Claude Akins(1926-1994)
- Actor
- Soundtrack
Broad-shouldered and beefy Claude Akins had wavy black hair, a deep
booming voice and was equally adept at playing sneering cowardly
villains as he was at portraying hard-nosed cops. The son of a police
officer, Akins never seemed short of work and appeared in nearly 100
films and 180+ TV episodes in a career spanning over 40 years. He
originally attended Northwestern University, and went on to serve with
the US Army Signal Corps in World War II in Burma and the Phillipines.

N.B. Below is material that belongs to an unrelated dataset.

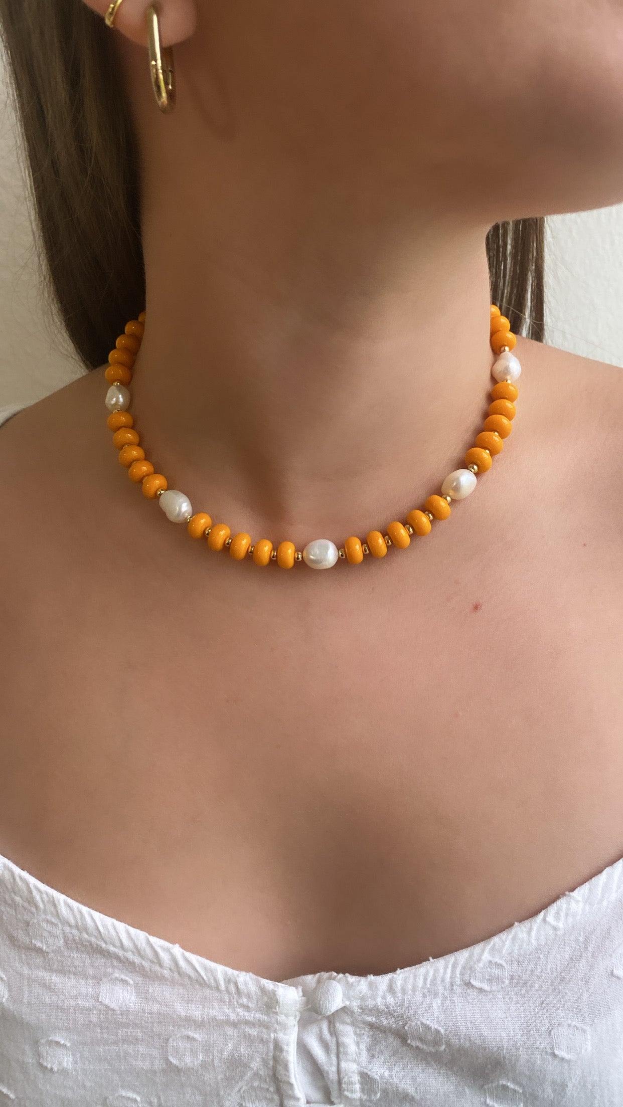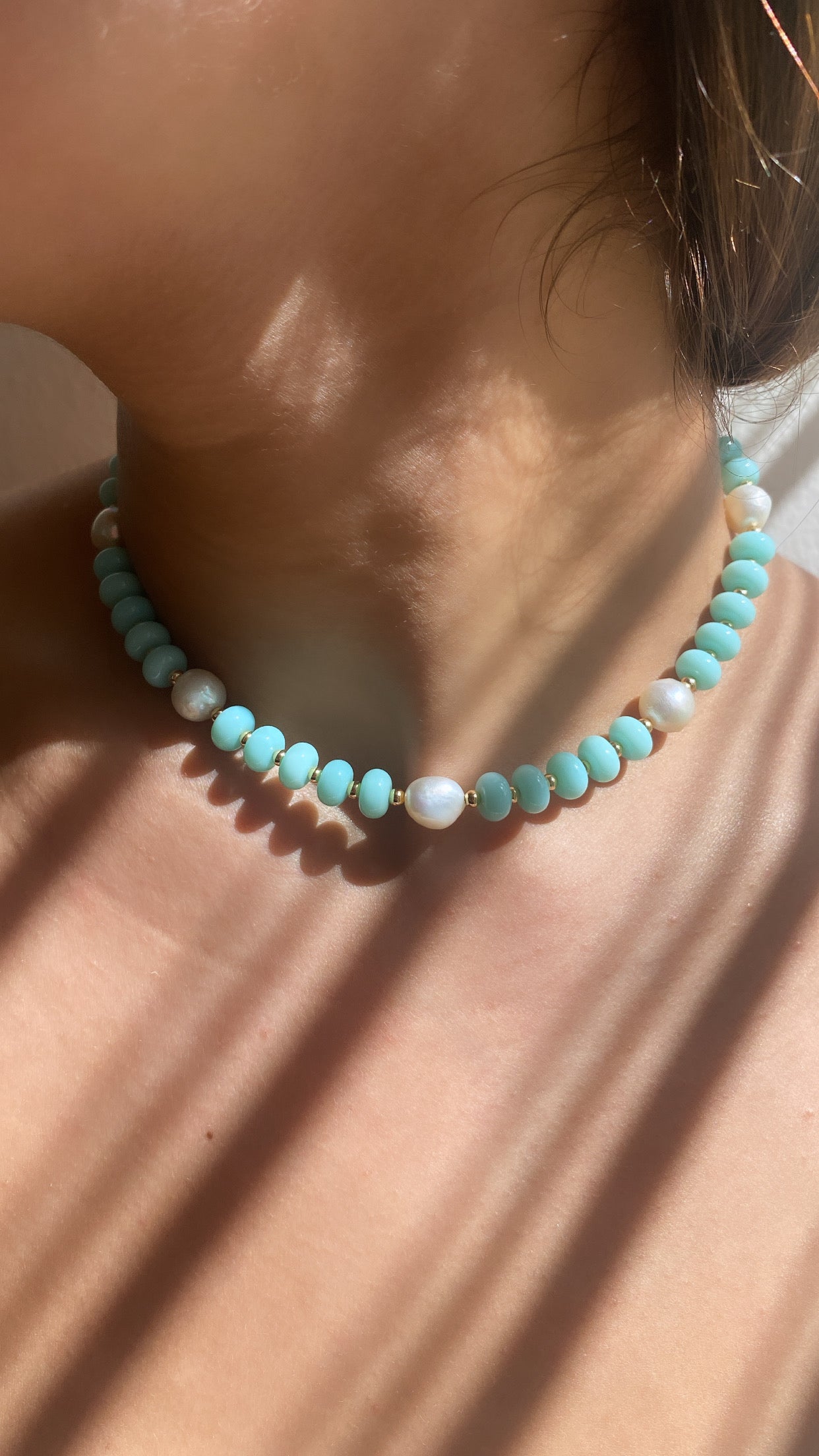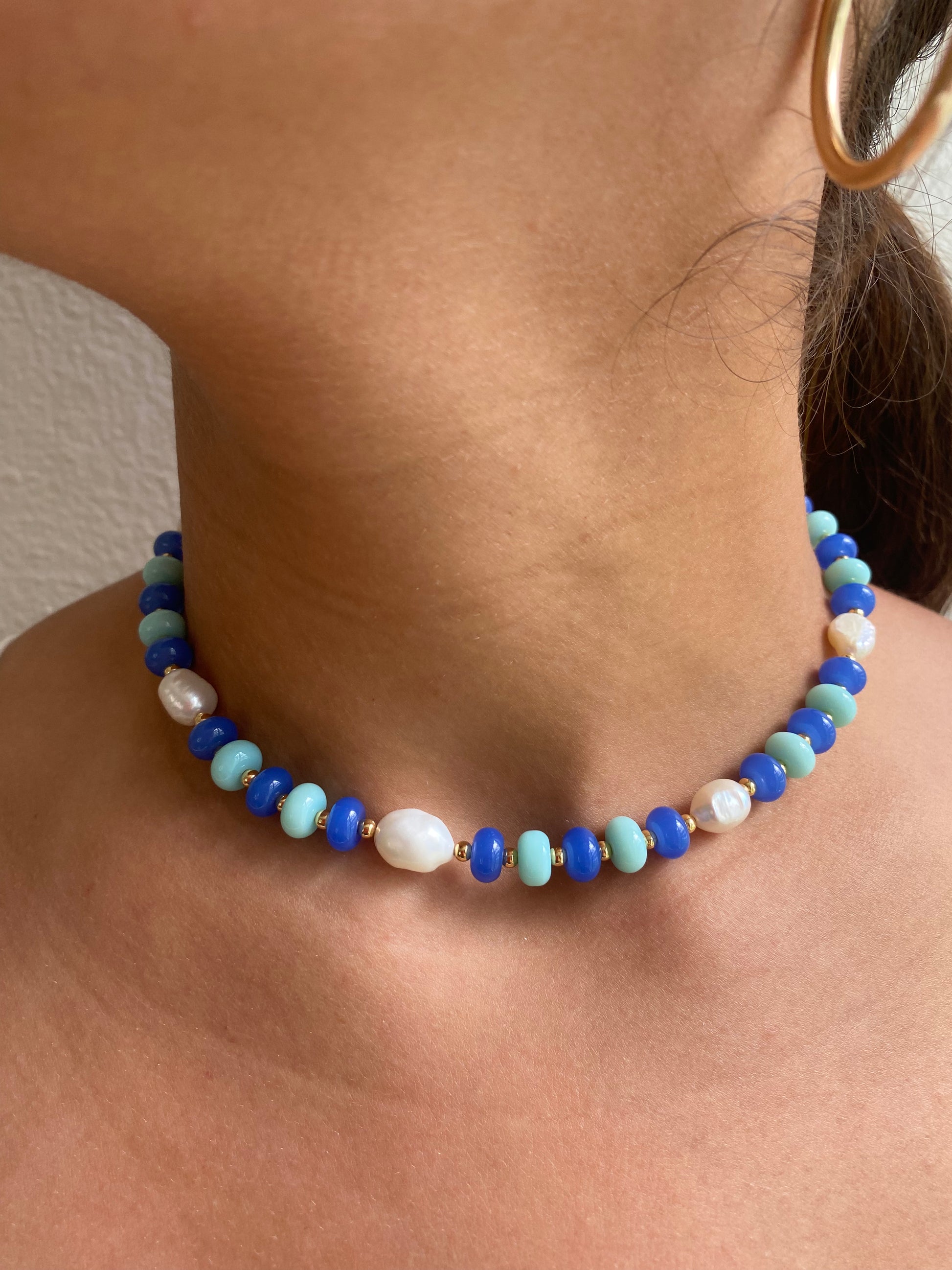 Glass beads, fresh water pearls and 18k gold plated spacers.

Upon returning, he reignited his interest in art and drama and first
appeared in front of the camera in 1953 in From Here to Eternity (1953). He quickly began
notching up roles in such TV shows as Dragnet (1951), My Friend Flicka (1955), Gunsmoke (1955) and
Zane Grey Theatre (1956). He also turned in several strong cinematic performances, such
as gunfighter Joe Burdette in the landmark western Rio Bravo (1959), Mack in the
excellent The Defiant Ones (1958), Sgt. Kolwicz in Merrill's Marauders (1962) and Earl Sylvester in the
gripping The Killers (1964). In the early 1970s Akins turned up in several
supernatural TV films playing "no-nonsense" sheriffs in both The Night Stalker (1972)

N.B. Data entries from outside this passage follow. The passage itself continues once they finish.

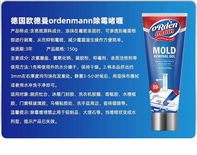 【中欧班列】【厨房除霉推荐】德国欧德曼ordenmann除霉啫喱剂150g/支NMNA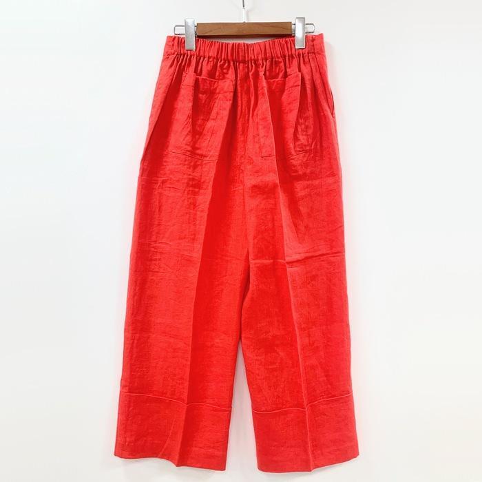 リネンワイドストレートパンツ 24-0020 zampa ザンパ 洗える 麻100 夏用ボトム 涼しい RED 赤 ゴム フリー ロング 10分丈 9分丈 8分丈
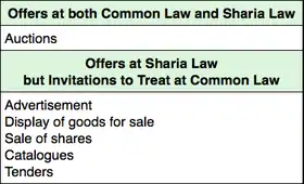 At common law, auctions, advertisements, displays of goods on shelves, tenders and the like are treated as mere invitations to create an offer. In contrast, Sharia law recognises these as valid offers (Ijab) which, upon being accepted (Qabul), will become binding by law upon the parties involved in the transaction.[15]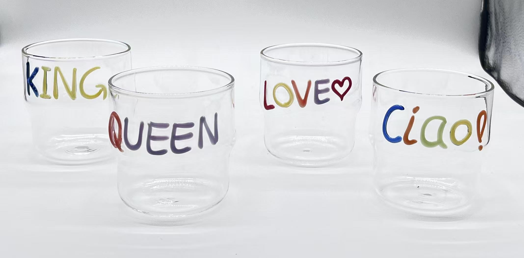 Borosilicate stackable cup withwording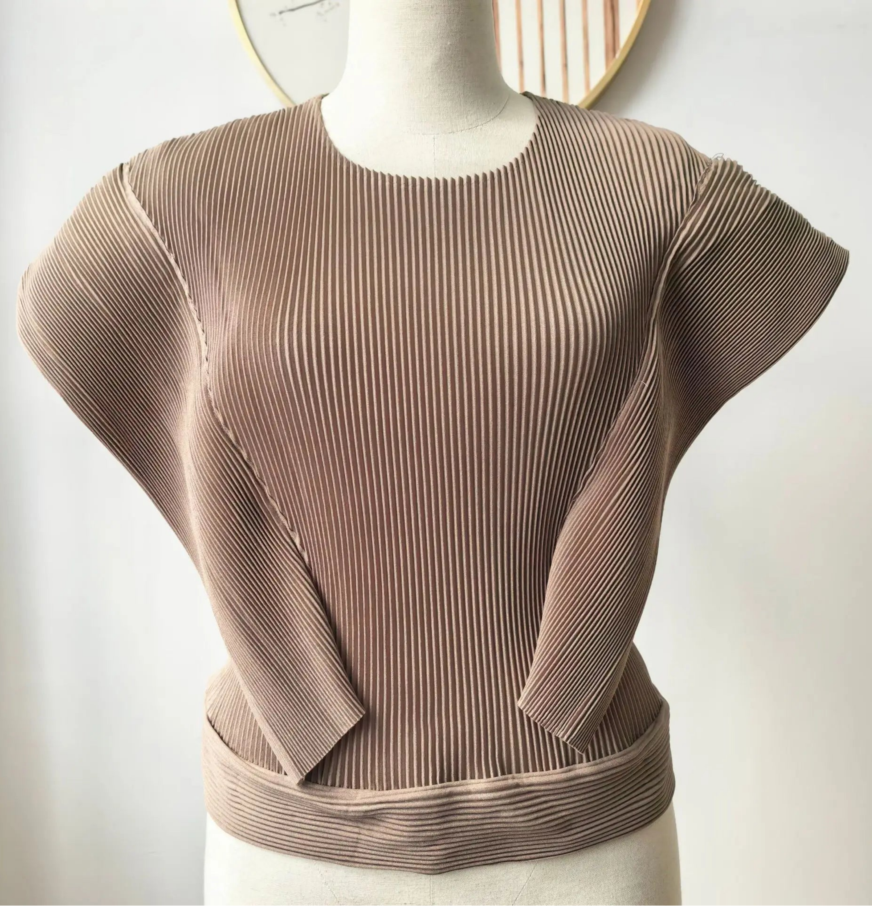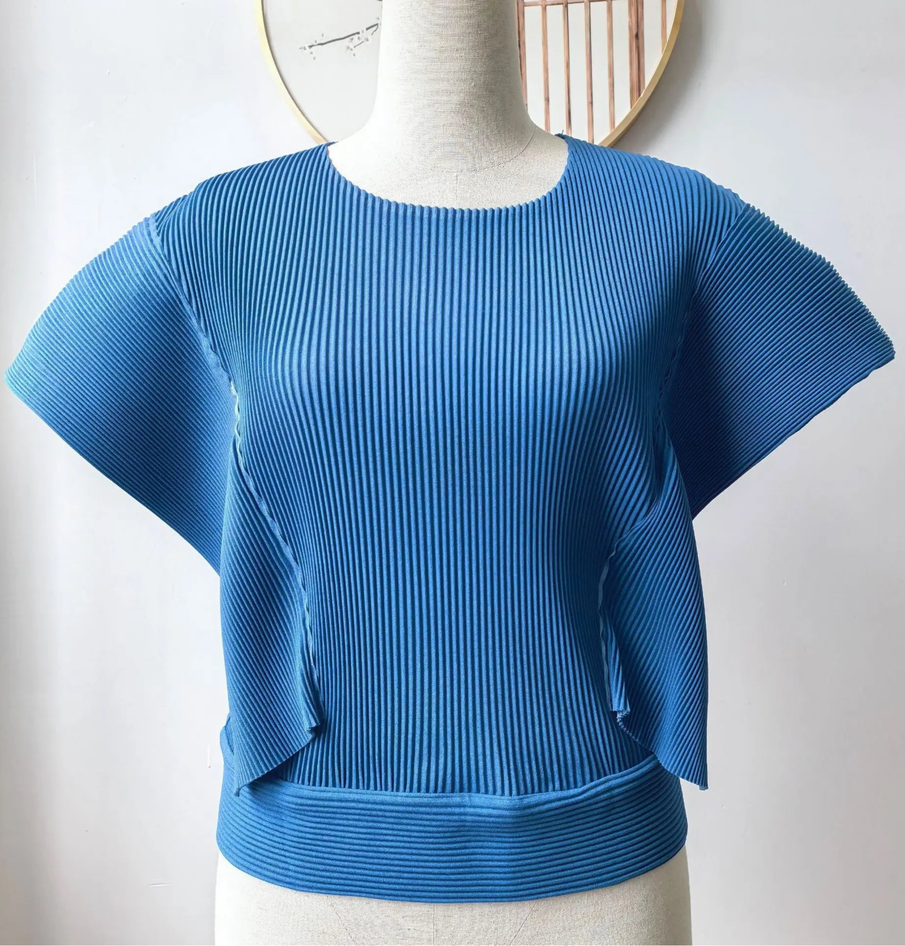 Japanese Plissé Pleated Peplum Top with Cape Sleeves

and The Norliss Tapes (1973), and was unrecognizable underneath his simian make-up as
war-mongering Gen. Aldo in Battle for the Planet of the Apes (1973). Akins continued starring in films
and TV right up until the time of his death from cancer in 1994. By all
reports a very gregarious, likable and friendly person off screen,
Akins was married for over 40 years to Theresa "Pie" Fairfield, and had
three children, Claude Marion Jr., Michele & Wendy.